# The yard so far.....



## hidehoman (Sep 18, 2006)

This is the yard so far this year. As Halloween gets closer I will start putting more stuff out. The big guns come out on the 28th. This is my scarecrow I did not meet the min number of postes to put him in the scarecrow showdown but this is him all the same.
http://i42.photobucket.com/albums/e339/hidehoman/PICT0828.jpg
http://i42.photobucket.com/albums/e339/hidehoman/PICT0829.jpg


----------



## Gloomy_Gus (Jul 11, 2006)

Nice work. Can't wait to see the 'big guns'.


----------



## krough (Oct 7, 2004)

Looks good, Whats the banner say?


----------



## Hellrazor (Jun 18, 2006)

that is my question too Krough, what does the banner say?


----------



## hidehoman (Sep 18, 2006)

Foreman. My last name and the name of the family in the back story.


----------



## widowsbluff (May 24, 2006)

I like your scarecrow head, is that burlap?


----------



## hidehoman (Sep 18, 2006)

widowsbluff said:


> I like your scarecrow head, is that burlap?
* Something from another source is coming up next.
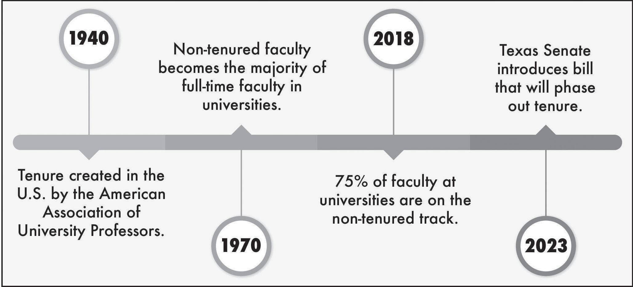 In 2022, Lt. Gov. Dan Patrick vowed to eliminate academic tenure after the Committee of Counsel on Academic Freedom and Responsibility at The University of Texas Austin released a resolution stating that professors should be free to research any topic.

Its burlap over a plastic talking skull head. He has green LED eyes. and his jaw moves


----------



## scareme (Aug 29, 2006)

I like the cloth wrapped on the crosses. I hadn't thought of that. I'll do some graves like that too.


----------



## slimy (Jul 12, 2006)

Looks good. Lots of talent on this board.


----------



## NickG (Sep 12, 2006)

I like the "skull on a stick" fun fun.


----------



## hidehoman (Sep 18, 2006)

NickG said:


> I like the "skull on a stick" fun fun.


That was my 5 year old sons prop. He was working with me on some props. He went inside and when he came back he had a skull a stick some scraps of burlap and a marker. He told me he wanted to make a prop. He described what he wanted to do and I just provided the tools. he then sat and made some drawings on the stick. Michaels first prop.


----------